Germany has toughened its migration laws, with speedier deportations and tougher rules for asylum applications. Sky News meets the people affected – who shed light on why the changes could see more migrants heading for the UK.
Ahmed is on the move.
From a sun-bleached phone screen, he explains he’s running from Germany after being threatened with deportation.
His target destination: the UK.
“I want to go to the UK because I’m afraid of the deportation in Germany. Already they try to deport me and that’s why I left,” he says in a video message.
It’s hurriedly recorded somewhere on the coast of northern France.
In a few hours, he expects to get the signal from smugglers that they will try to cross the channel in a dinghy.
It’s his second attempt in just a few days.
His first attempt failed after French police caught the group trying to pick up more passengers and slashed their dinghy.
Ahmed is one of a number of Iraqi Kurds Sky News teams have met recently who’ve paid smugglers to get to the UK after Germany toughened its deportation rules.
Rishi Sunak’s Illegal Migration Act, which created powers to send asylum seekers to Rwanda, hasn’t put them off.
“I’m not afraid about Rwanda or even about crossing the water because I’m looking for a better place to live,” Ahmed says. “I’m very sure if the deportation doesn’t stop in Germany, all the refugees in Germany will cross the border to UK.”
Asylum applications in Germany rocketed to their highest rate since 2016 last year as more the 351,000 people arrived – around four times the amount coming to the UK.
In an attempt to reduce illegal migration, the German government announced tougher laws.
The new measures include faster decisions on asylum applications, restricted benefits and speedier deportations.
Authorities also have more powers when conducting searches and can hold people for up to 28 days ahead of return flights.
Deportations are up around a third on the same period last year with more than 6,300 people deported between January and April, according to official statistics.
Outside the Iraqi embassy in Berlin, we meet a group of protestors who say they’re already feeling the effects of the new laws.
Many have lived in Germany for years, some given temporary leave to remain, but have recently been told Iraq is safe to return to and it’s time to leave.
“Some of my friends have been deported.
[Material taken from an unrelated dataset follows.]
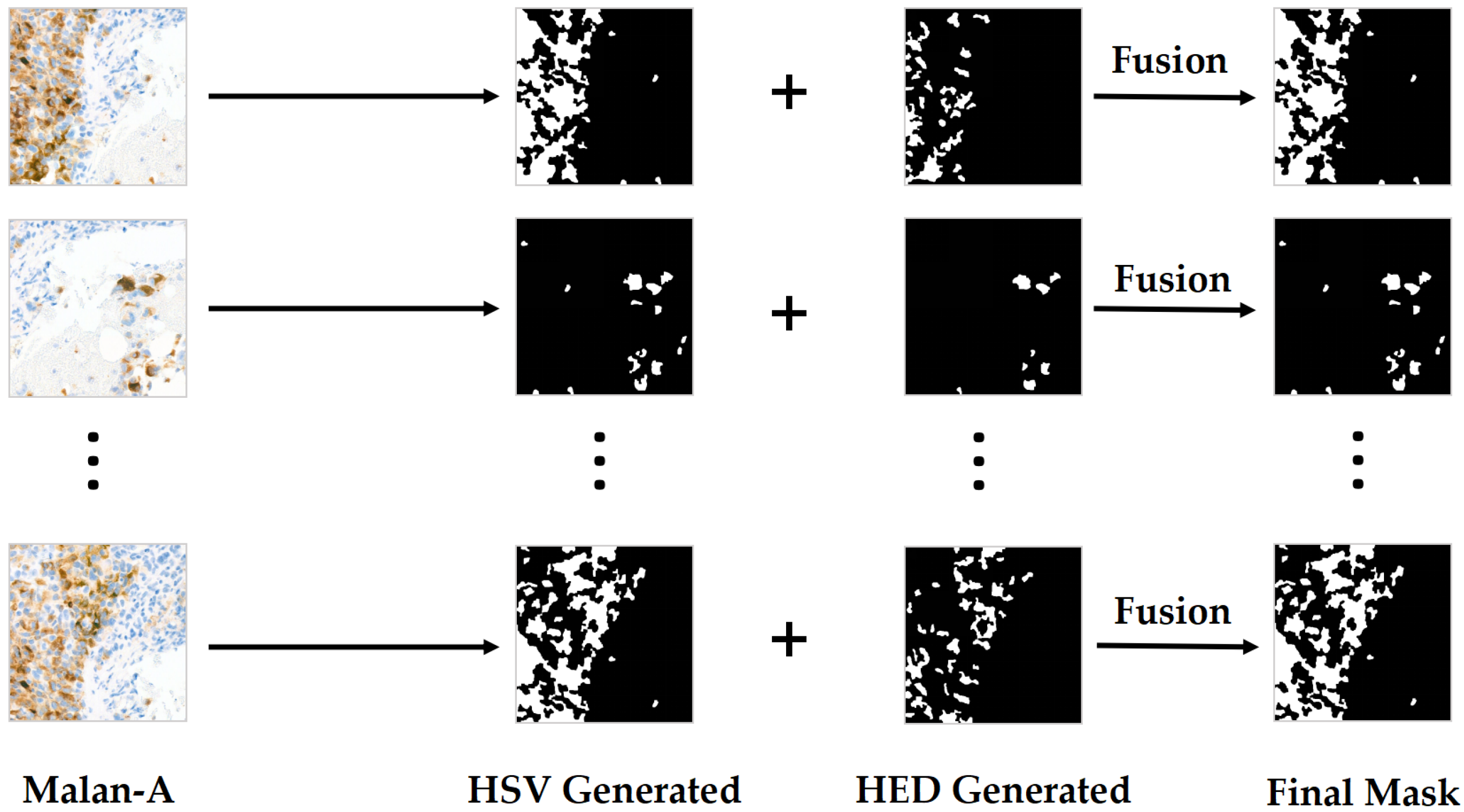 To generate usable segmentation labels from Melan-A images, two complementary mask extraction methods are designed in this study. The first one is based on HSV colour space, uses the hue range to separate the typical DAB yellow-brown signal, and excludes the background blue area. After morphological operation and small area filtering, the preliminary mask is obtained. The second one is based on HED pigment decomposition, which separates DAB channels from Melan-A images, and combines the Gaussian smoothing and Otsu thresholding methods to obtain a refined mask, which is then optimized by opening and closing operations and small-region filling. Finally, the two candidate masks were fused by logical OR (union) to obtain a more robust label. The mask generation procedure is illustrated in Figure 7.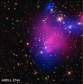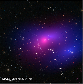 These galaxy clusters are part of a large study using Chandra and Hubble that sets new limits on how dark matter - the mysterious substance that makes up most of the matter in the Universe - interacts with itself. The hot gas that envelopes the clusters glows brightly in X-rays detected by Chandra (pink). When combined with Hubble's visible light data, astronomers can map where the stars and hot gas are after the collision, as well as the inferred distribution of dark matter (blue) through the effect of gravitational lensing.

The police raided the house at two or three in the morning,” Goran tells me.
He says he’s noticed a rise in people having their asylum claims rejected.
“I’m scared and can’t sleep in my own home,” he says.
He shows me a card which registers him as severely disabled with the Germany authorities.
Both his legs have been amputated and he says he can’t live in Iraq.
I ask if he thinks people will flee to other countries such as France and the UK if deportations keep on rising.
“For sure, smuggling will increase,” he replies. “People who feel their lives are politically threatened back in Iraq will try any way possible to reach another country.”
Another lady shows us the medicine she relies on, which she says is hard to get in Iraq.
“They know that my country is not safe,” she says. “I own videos of the killings, robbery and kidnapping of women.”
The group holds up pictures of people they say are victims of deportation – a man injured as he tried to flee, and another they claim died at sea on a smuggler’s boat.
The German government says the deportations are in line with international law.
A spokesperson from the interior ministry said in a statement: “The Act to Improve Repatriation, which came into force on 27 February 2024, contains numerous and extensive improvements in order to be able to enforce an obligation to leave the country even more effectively in future.
“Co-operation with Iraq takes place in a so-called non-contractual procedure in accordance with the principle of international law, according to which every state is obliged to take back its own citizens informally if they have no right of residence in the host country.”
In a kitchen in southern Germany, we listen as our phone call to Kurdistan rings.
A young man answers.
Hama, not his real name, tells us he was deported to Iraq at the end of April.
He explains there were 25 immigrants on his deportation flight and 90 officers guarding them.